Tools for evaluating quality, and filtering barcoding data. Still in Development
###qScoreQC.py: ASSUMES FASTQ and FASTA "reads" and "quality" are single lines!
We judge each read by Expected Number of Incorrect Bases, or the sum of each base's probability of being incorrect taken fron the fastq file's phred q-score.
We provide an option to cut a base after a certain uncertaintly level, and replace it with an N, and the user can set a "probability incorrect" value to add to the Expected Number of Incorrect Bases score.
We provide an option to cut all sequential N's off the end of a read if there are more than a user specified value.
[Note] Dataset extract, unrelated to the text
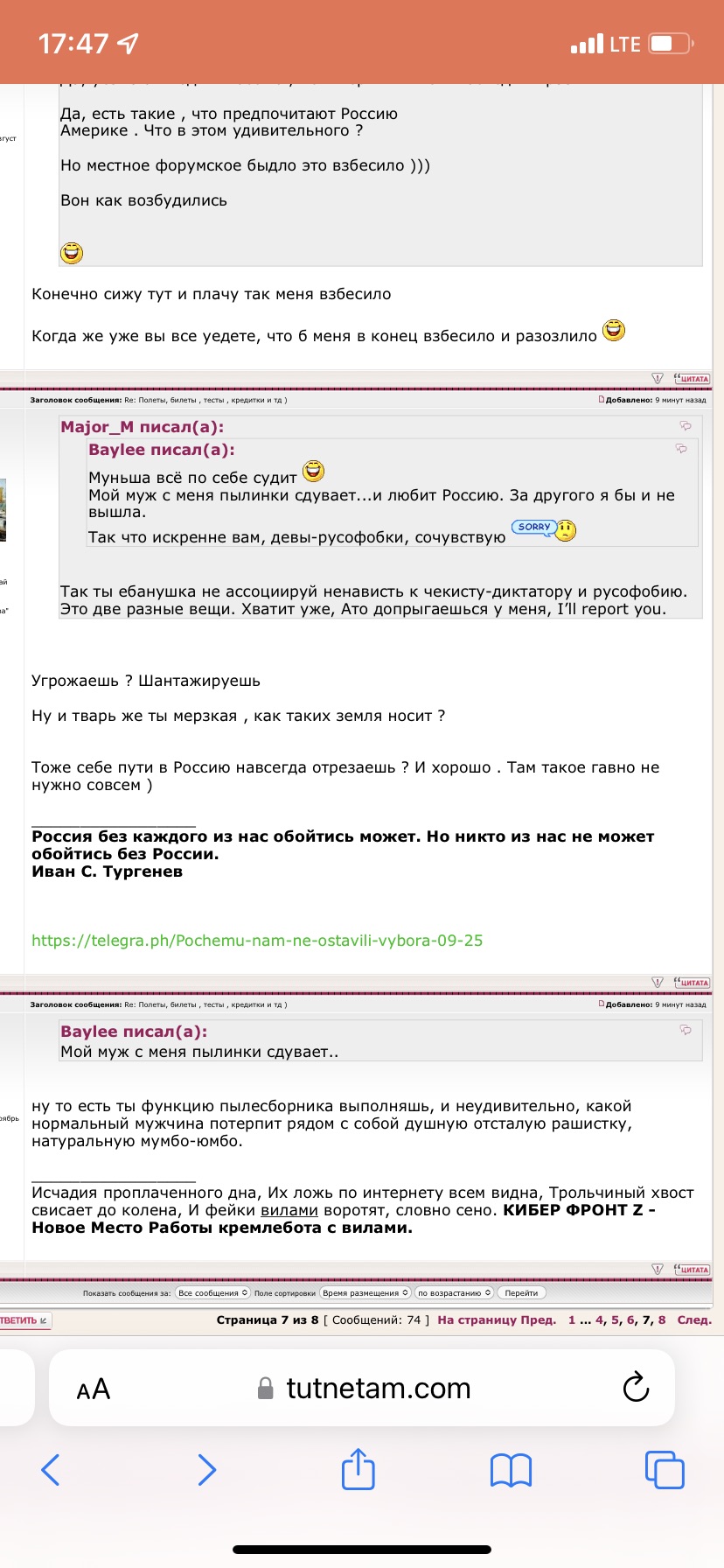 Major_M писал(а): Пылесборщик-сдуватель  которому Жопадья улыбается наверно и приговаривает что ах мол Путя сука, а сама то лицемерка рашистка, корова безмозглая. Сидит мразь не уезжает, а её же граждан — НЕ ТРУСОВ, сейчас МОЗГИ НА УКРАИНСКУЮ ЗЕМЛЮ летят с помощью штатовских дронов. Была колонна — Бах и нет колонны. Поехала бы что ли из такой адской страны, но нет сидит жопу греет. Патриотка Путина в Америке, во как. Вот так подарок! А я то жалела, что не успела скриншот сделать! Спасибо Мажор-душпан

Please note that most existing bioinformatics tools don't play nice with files with non-homogenous read lengths.
We provide the capability of graphing certain characteristics of read quality - a cummulative histogram of read scores, a graph of the number of reads with score below a user set threshold, a graph of the distribution of N's over the positions on the read, and a cummulative histogram of reads ending in x number of sequential N's
One must run the eval option before other options are possible. One only needs to run the eval option once. Please read qScoreQC's help text for more specific usage help.
TODO: expand "cut the end of the read if the read is actually short, and Illumina just put N's to fill in spaces" functionality.
###dfsCluster.py: Intended to cluster pcr output sequences into groups of sequences all originating from a unique pcr input sequence
Still in the works as to UI, although it will print in terminal the clusters it finds. As the name suggests, dfsCluster employs a dfs over a hamming space, but can only visit nodes specified by pcr output sequences. This should work because
- PCR in the overwhelming majority of the time will not make more than 1 error per sequence
- The hamming space is large enough, and the error rate is low enough, that random walks originating from random points in the space will not ever come closer than 2 hamming distance of another path.
TODO:Everything
###readLenHist.py: Just a simple histogram of read length maker. Nothing to it. Tell it what fastq file to graph and the name of the output pdf.
TODO:Open to suggestions